Really? All that for nothing.
“The what?” her mom asked, soaking a cotton ball with antiseptic.
“The papers dad sent home.”
She looked confused. “Papers?”
Caitie sucked in a breath as her mom dabbed her knees and the antiseptic burned her raw skin. “From the restaurant. Didn’t he call you?”
She was quiet for a second, as if she was trying to recall. “Oh, right. Those papers. He must have forgotten to call.”
“Well, I left them in Nathan’s car by accident.”
“Oh, don’t worry about it. It’s nothing urgent.” She swabbed antibiotic ointment on the scratches, then smoothed a large bandage over each knee. “There you go. Good as new. More or less.”
“Thanks, Mom.”
“Be sure to take the bandages off when the bleeding stops. The more air the scrapes get, the faster they’ll heal.”
“I’ll take them off tonight before bed.” She stood, wincing when she caught a glimpse of her reflection in the glass on the side door. “I’m a mess. I need to put a clean uniform on before I go back to the diner. I’m sure glad those things still fit me.” They were even a bit loose on her. Thanks to the stress of being unemployed, she hadn’t had much of an appetite lately.
“You don’t have to go back,” her mom said. “Deb is feeling better so she’ll finish out her shift.”
Confused, Caitie asked her, “How do you know that?”
“Your father told me, of course.”
“Dad called?”
“Yes, after you left the restaurant.”
Huh? “Mom, a minute ago you said that he didn’t call.”
She blinked. “No, I didn’t.”
“Yes, you did. You said that he must have forgotten to call.”
Her mom sighed and shook her head. “I’m sorry. It’s this darned migraine medicine. It makes me loopy sometimes. What I meant was, he forgot to tell me about the papers. But, yes, he did call.”
That must have been some powerful stuff she was taking. “So, I’m off the hook?”
“Yes, he’s all set for the day shift.”
As much as she wanted to help her parents, she was relieved. It was too much too soon. “I do have a few errands to run. Although I no longer have a car to run them with.”
Her mom tucked the first-aid kit back into the pantry. “Take my car—I won’t be using it.”
“Are you sure?”
“But only if you promise to bring home a gallon of milk. We ran out last night.”
At first she thought her mom was kidding, since she had been the one to send Caitie out that morning. “Mom, you know I got the milk already.”
“You did?”
This was no joke. Her blank expression said she had no idea what Caitie was talking about. “Remember, I forgot the diner key, and it was so early everything in town was still closed, so I had to drive all the way to the twenty-four-hour store at the service station on the highway.”

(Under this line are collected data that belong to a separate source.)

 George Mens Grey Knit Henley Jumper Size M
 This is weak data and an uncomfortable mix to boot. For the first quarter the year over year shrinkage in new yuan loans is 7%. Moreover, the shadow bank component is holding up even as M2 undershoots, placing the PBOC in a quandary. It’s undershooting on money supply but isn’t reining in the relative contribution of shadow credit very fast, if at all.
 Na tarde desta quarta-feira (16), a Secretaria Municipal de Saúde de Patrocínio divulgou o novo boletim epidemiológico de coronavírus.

With a frown her mom pulled the fridge open, and there on the shelf sat the gallon of 2 percent milk. “Darned medication,” she muttered. “I would lose a limb if they weren’t all sewn on.”
“Do they have any idea what’s causing you to have so many headaches?”

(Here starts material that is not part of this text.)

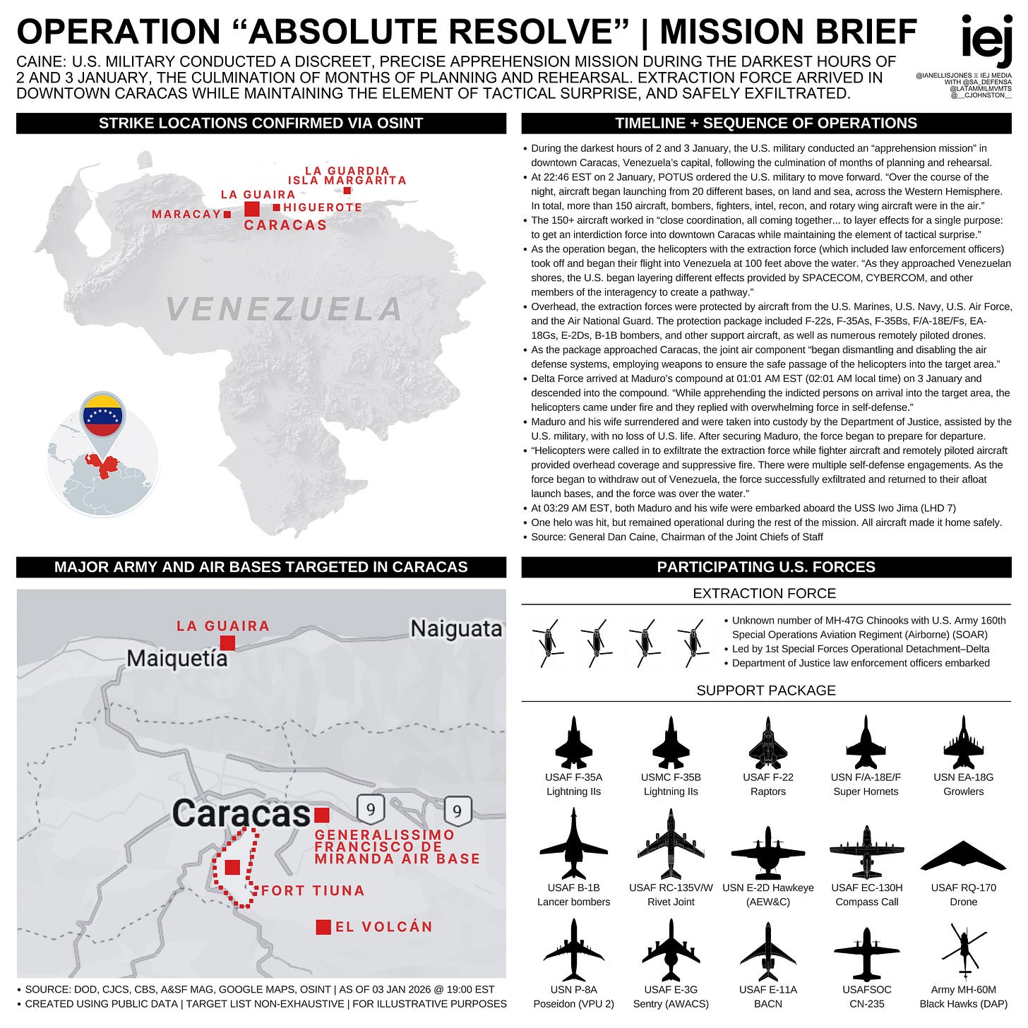 The raid appears to have gone, from an American perspective, relatively to plan. No U.S. service personnel were killed but there were some who received minor wounds. Reports from Venezuela indicate around 40 people on the ground there may have been killed, but we should wait for official confirmation of that. The chart below is a representation of the the conduct of Operation Absolute Resolve and the military assets employed in its execution.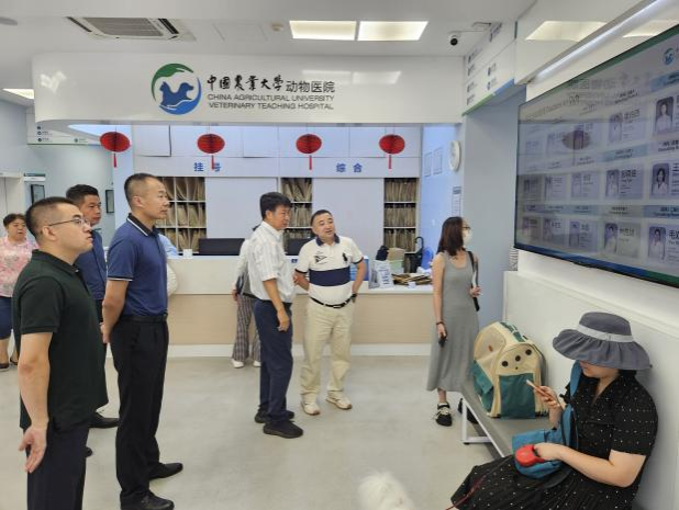 为加强我校临床教学动物医院建设工作,促进动物医院及动物医学学科高质量发展,8月27日,人事处处长吴立全,社会合作与成果转化中心党总书记、资产经营有限公司总经理王伟峰,人事处副处长关彦来,太阳成集团tyc41183院院长李金龙、临床教学动物医院负责人郭梦尧,一行五人赴中国农业大学调研,学习中国农业大学临床教学动物医院建设及运营经验。

“It could be a hormone imbalance, since it seems to coincide with menopause.”
“Have you thought to try homeopathic remedies? Holistic medicine? Maybe you could try cutting processed foods from your diet. Or gluten.”
“I’ll definitely consider that,” she said, though to Caitie it sounded as if her mom was humoring her.
Her mom walked to the stove and lifted the lid off the pan, giving the sauce another stir. She looked fine, but something just seemed...off. Something other than chronic headaches.
“Is everything okay?” Caitie asked.
Her mom turned to her and smiled. “Of course, honey.”
She sounded genuine, so why didn’t Caitie believe her? Could she and Caitie’s dad be having problems?
Her parents had always had a good marriage. Sure, they argued occasionally. What couple didn’t? Mostly about money or the diner. But Caitie’s mom had always seemed happy with her modest, small-town life. At least, that was the way it had always appeared to Caitie.
When Caitie had presented her mom with her college acceptance letter, and finally had the courage to admit her plan to move to the East Coast, her mom’s reaction had surprised her.
“If you want out of this town, if you want something more from life, leave while you can,” her mom had told her. “Don’t let anything or anyone hold you back.”
Caitie had done exactly that, but her mom’s words haunted her for months afterward. Had it been her way of saying she regretted giving up the chance at a lucrative and prestigious modeling career to stay in Paradise? And had that regret begun to cause a rift in her parents’ relationship?
She would ask her sister what she knew, but Kelly had been so self-absorbed with school and her very active social life, she wouldn’t see a tsunami coming until it crashed down over her head. No that was unfair. Kelly had always been self-absorbed. She had inherited their mother’s beauty and her pinup model figure. She had always been the pretty one. Not that Caitie had gone three rounds with an ugly stick. She was attractive in an average way. Pleasant to look at, but nothing to get all excited about.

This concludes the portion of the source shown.